Mine came off by removing the hinge on top but the freezer door had wires and hoses that had to be disconnected too. they were for the ice and water dispenser.


----------



## 47_47 (Sep 11, 2007)

Fridge should fit, but measure from the back of the coil to the handle to be sure. Usually only have to remove upper hinge and pick door up out of lower. Do this standing up no need to lay it down. Sometimes it's easier to pull the three hinge pins and remove your front door to get your clearance.


----------



## Bret86844 (Mar 16, 2016)

It should fit if you remove the front door. Either way, having the front door out of the way will make life easier.


----------



## SPS-1 (Oct 21, 2008)

Don't have to lay it down to remove fridge door. Doors normally come off pretty easy. If you have ice-maker in door, you will also have to unplug cable, but no big deal. 

Taking the doors off the fridge make it a little lighter and easier to maneuver. Not sure if that's a consideration in your case. 

By the way, I have always read that if you lay down a fridge, leave it upright for a day before plugging it back in.


----------



## KPDMinc (Nov 7, 2016)

does the door have ice maker or water? the tube that goes through the hinge can be a problem, but not impossible. did it with my LG


----------



## Oso954 (Jun 23, 2012)

Re leaving it upright for a day after laying it on its side.

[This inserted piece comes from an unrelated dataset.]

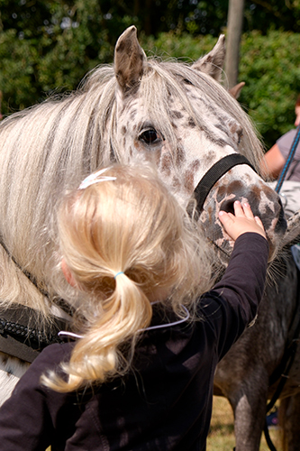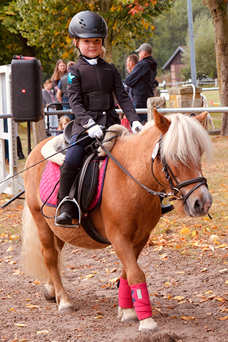 Der Dörenther Shetty-Sporttag ist nicht der einzige in Deutschland: „Shetty Sport Süd“ ist ein Veranstaltungsreigen mit Turnieren an unterschiedlichen Orten – treibende Kraft ist der Ponyhof Müller in Denkendorf bei Stuttgart. Einmal im Jahr findet auf dem Landgestüt Redefin ein Shetlandponytag statt. Viele Termine mehr präsentiert die Interessengemeinschaft der Shetlandponys e.V. auf ihrer Homepage (ig-shetland.de). Am Anhängerparkplatz stehen die Ponys neben nahezu gleichgroßen Heunetzen, andere grasen in abgesteckten Weiden. Auf dem Reitplatz tragen die Shettys Glitzerstirnband und Bandagen in passender Farbe zur Schabracke. Konzertiert trabt die siebenjährige Hanna Wißing mit Shetlandpony Tweety, ein Professor-Pony und Lehrmeister Ü20. Mit Shetlandponys haben manche Spitzensportreiter angefangen. Hannas Mutter ist nicht ganz so ruhig: „Es ist das erste Mal, dass Hanna allein in einem Wettbewerb galoppiert.“ Ob aus dem Turniersport oder ganz ohne Pferdeerfahrung – alle Eltern sehen:Die Kinder haben Spaß, wachsen an Selbständigkeit, bauen Vertrauen zum Pferd auf und von der Größe passt es einfach gut mit den Shetlandponys. Die Siegerehrung des Reitwettbewerbs hat dank des von Monika Langelager selbst gebauten Treppenpodests Olympia- Niveau, die Sieger-Schärpen im Vorführwettbewerb sind Schwarz-Rot-Gold und tragen den Schriftzug „Shetty of Dörenthe“. Mindestens 40 Paar Hände klatschen. Die Erwachsenen präsentieren ihre Shetty an der Hand oder vor der Kutsche und haben mindestens ebenso viel Spaß wie die Kinder. Sabrina Vallentin aus Borken hat ein „Endmaßminishetty“ Barny (86 Zentimeter „klein, süß – aber die haben viel Pfeffer“). Wie Lara Jane Pracht kam sie auf die Ponys, weil sie Gesellschaft für ihren Großpferderentner suchte. „Mein Warmblut ist eine Drama-Queen, aber die Shettys machen einfach alles mit – gehen sogar angespannt, wenn ich Inliner fahre“, sagt Lara Jane Pracht. Manuela Hess, Reitsportfachhändlerin mit Shetty-Spezialisierung und einem Stand in Dörenthe, warnt: „Wer ein Shetty nur als Beistellpony hält, darf nicht glauben, dass es günstig ist. Sie sind fast genauso teuer wie große Pferde. Und als Rasenmäher sind sie nicht geeignet und viel zu schade – Shettys wollen beschäftigt werden. Sie lernen unglaublich schnell: Die schauen dreimal zu, wie das Tor aufgeht – und beim vierten Mal öffnen sie es selbst.“

That's real conservative. This is what GE says on the subject.



> Important: If it has been necessary to transport the refrigerator on its side, it should be stood upright for an equal amount of time as it was on its side before plugging it in. If on its side for more than a day, leave standing for 24 hours before running. (If laying on its side just briefly to service, clean or adjust, just a few minutes of stand time will be enough.)


----------